## Data block
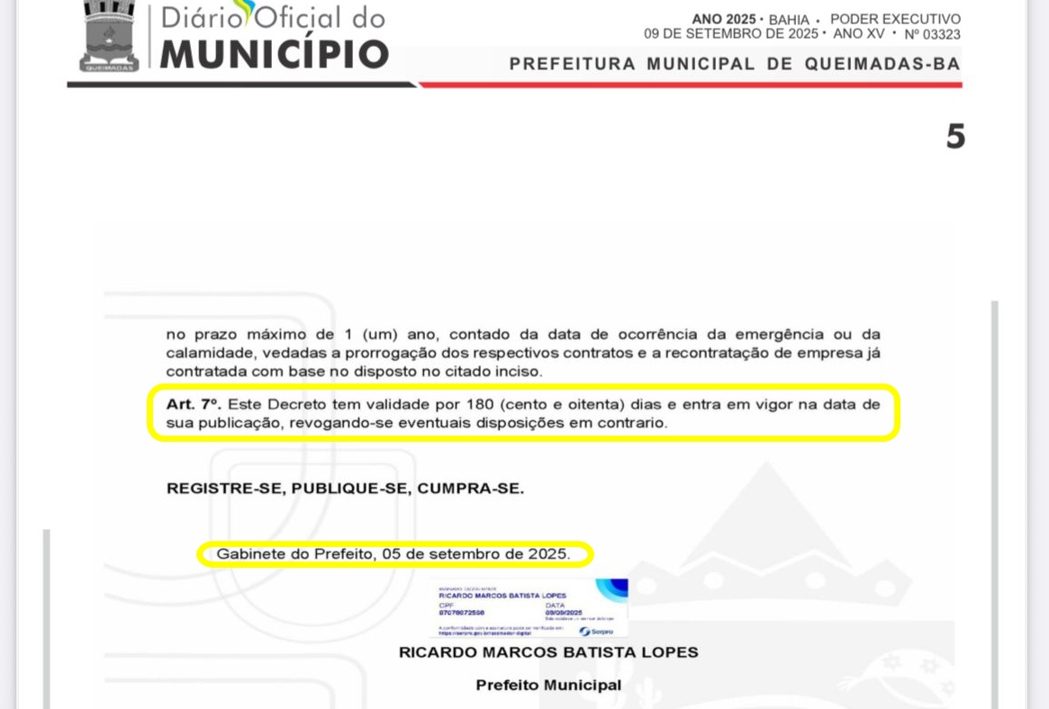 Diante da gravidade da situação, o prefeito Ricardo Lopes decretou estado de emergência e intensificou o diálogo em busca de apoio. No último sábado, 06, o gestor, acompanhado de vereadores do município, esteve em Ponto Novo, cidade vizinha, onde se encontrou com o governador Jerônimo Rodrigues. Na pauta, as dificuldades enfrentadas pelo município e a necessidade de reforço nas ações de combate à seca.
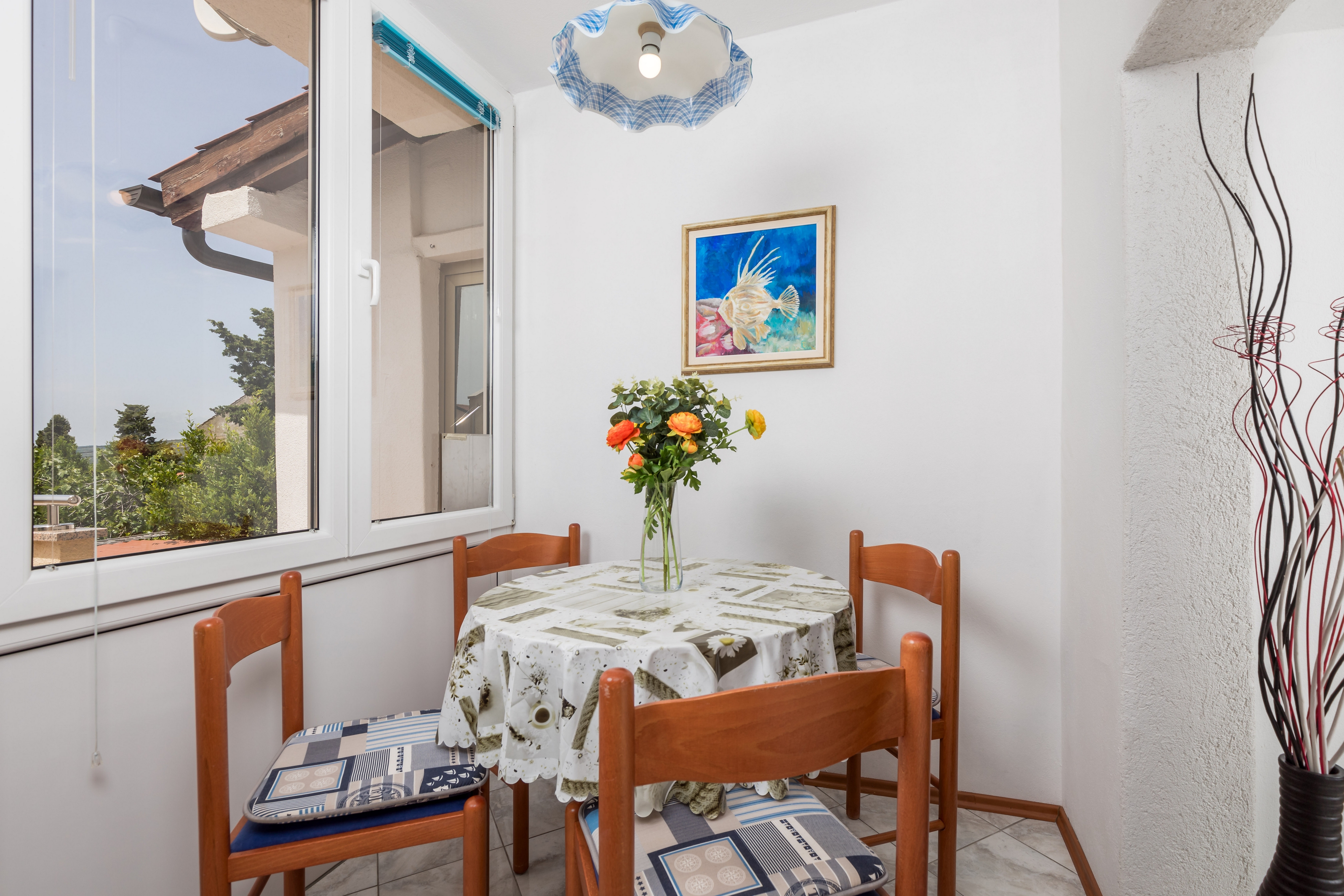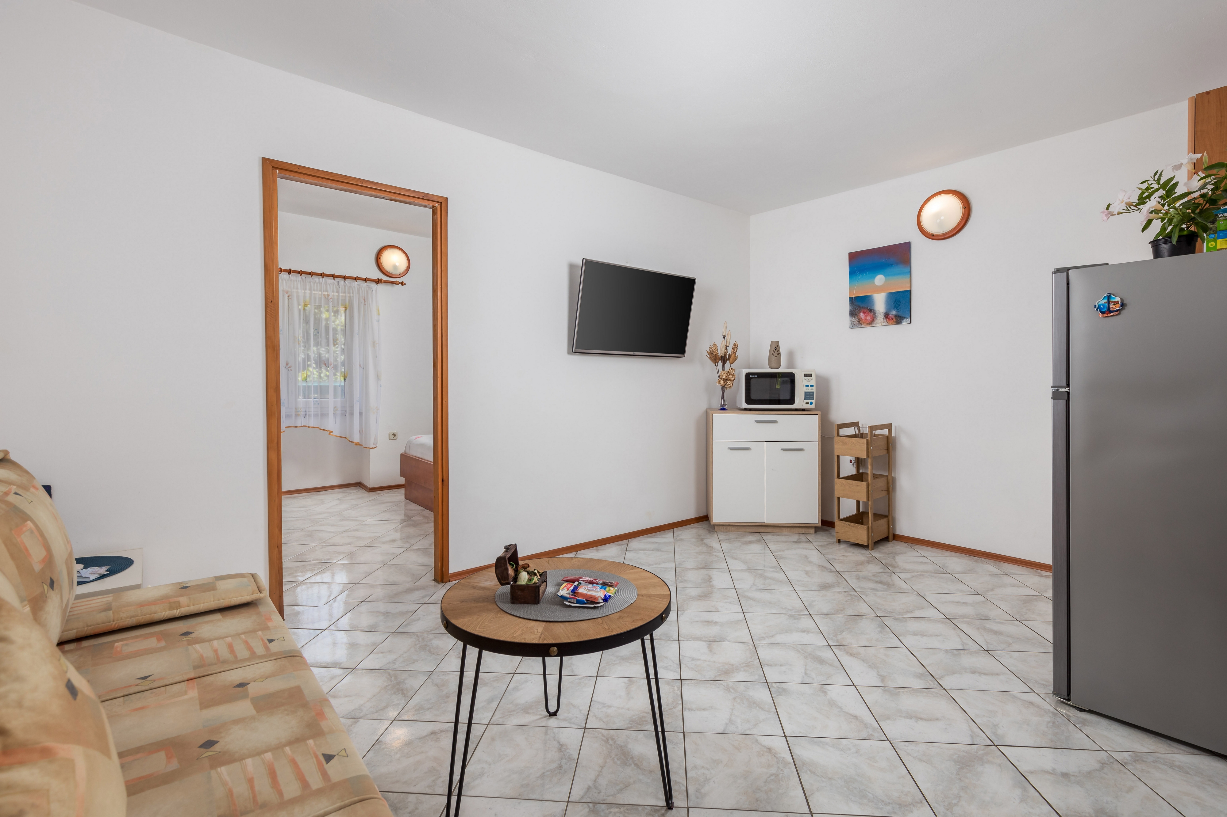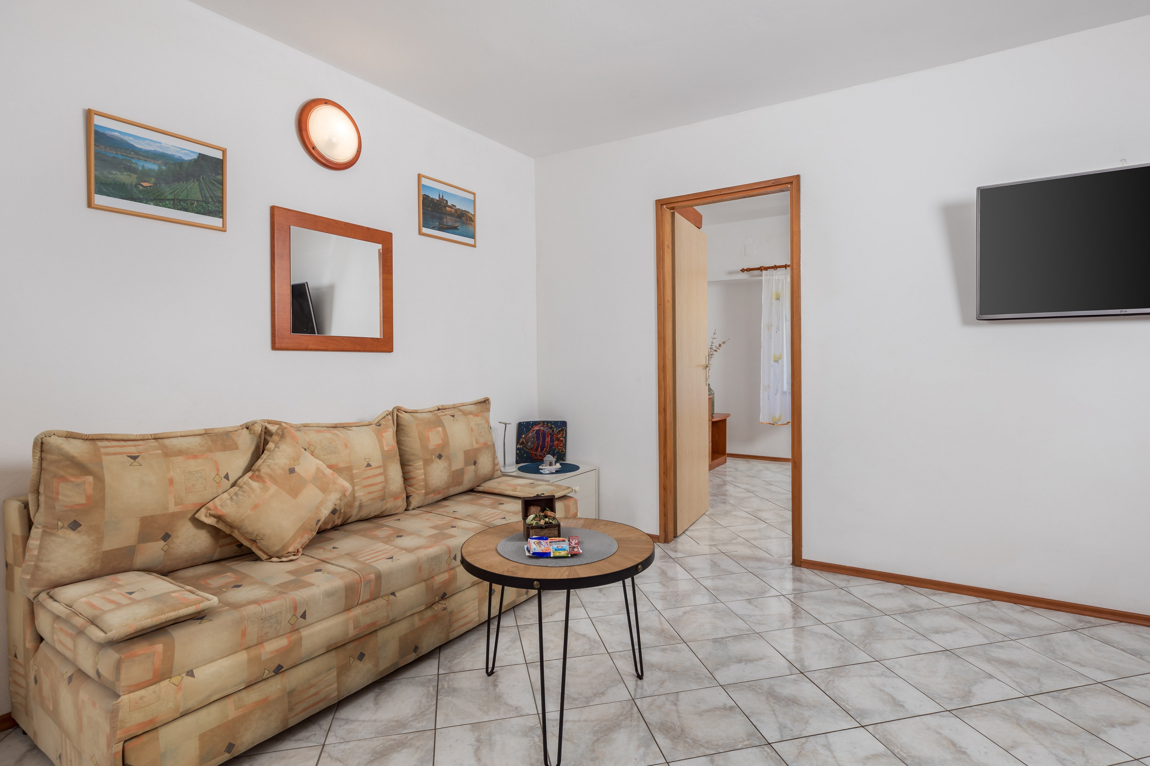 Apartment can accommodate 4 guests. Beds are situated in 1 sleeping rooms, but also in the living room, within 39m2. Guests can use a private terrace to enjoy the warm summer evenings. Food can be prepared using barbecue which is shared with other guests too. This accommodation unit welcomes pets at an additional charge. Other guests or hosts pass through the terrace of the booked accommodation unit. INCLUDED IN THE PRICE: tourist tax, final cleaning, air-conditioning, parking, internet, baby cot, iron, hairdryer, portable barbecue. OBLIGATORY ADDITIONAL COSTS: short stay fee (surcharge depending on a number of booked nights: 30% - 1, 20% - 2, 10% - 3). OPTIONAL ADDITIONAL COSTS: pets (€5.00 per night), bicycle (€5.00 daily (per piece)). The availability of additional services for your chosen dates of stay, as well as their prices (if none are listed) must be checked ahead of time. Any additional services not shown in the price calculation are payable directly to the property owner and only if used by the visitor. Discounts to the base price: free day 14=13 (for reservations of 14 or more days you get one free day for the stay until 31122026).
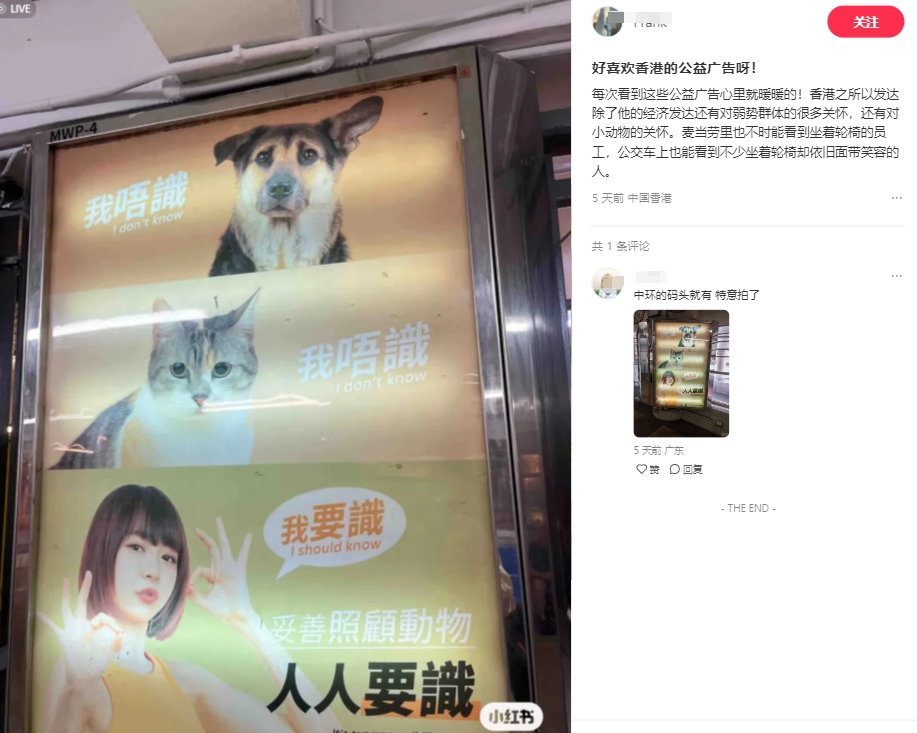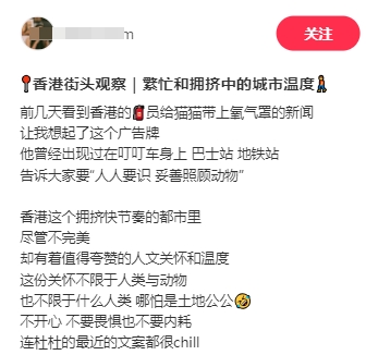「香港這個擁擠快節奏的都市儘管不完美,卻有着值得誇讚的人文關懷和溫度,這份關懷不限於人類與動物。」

## Activity
Images are to be omitted; repeat the remaining data above exactly.

## Answer
 Diante da gravidade da situação, o prefeito Ricardo Lopes decretou estado de emergência e intensificou o diálogo em busca de apoio. No último sábado, 06, o gestor, acompanhado de vereadores do município, esteve em Ponto Novo, cidade vizinha, onde se encontrou com o governador Jerônimo Rodrigues. Na pauta, as dificuldades enfrentadas pelo município e a necessidade de reforço nas ações de combate à seca.
 Apartment can accommodate 4 guests. Beds are situated in 1 sleeping rooms, but also in the living room, within 39m2. Guests can use a private terrace to enjoy the warm summer evenings. Food can be prepared using barbecue which is shared with other guests too. This accommodation unit welcomes pets at an additional charge. Other guests or hosts pass through the terrace of the booked accommodation unit. INCLUDED IN THE PRICE: tourist tax, final cleaning, air-conditioning, parking, internet, baby cot, iron, hairdryer, portable barbecue. OBLIGATORY ADDITIONAL COSTS: short stay fee (surcharge depending on a number of booked nights: 30% - 1, 20% - 2, 10% - 3). OPTIONAL ADDITIONAL COSTS: pets (€5.00 per night), bicycle (€5.00 daily (per piece)). The availability of additional services for your chosen dates of stay, as well as their prices (if none are listed) must be checked ahead of time. Any additional services not shown in the price calculation are payable directly to the property owner and only if used by the visitor. Discounts to the base price: free day 14=13 (for reservations of 14 or more days you get one free day for the stay until 31122026).
「香港這個擁擠快節奏的都市儘管不完美,卻有着值得誇讚的人文關懷和溫度,這份關懷不限於人類與動物。」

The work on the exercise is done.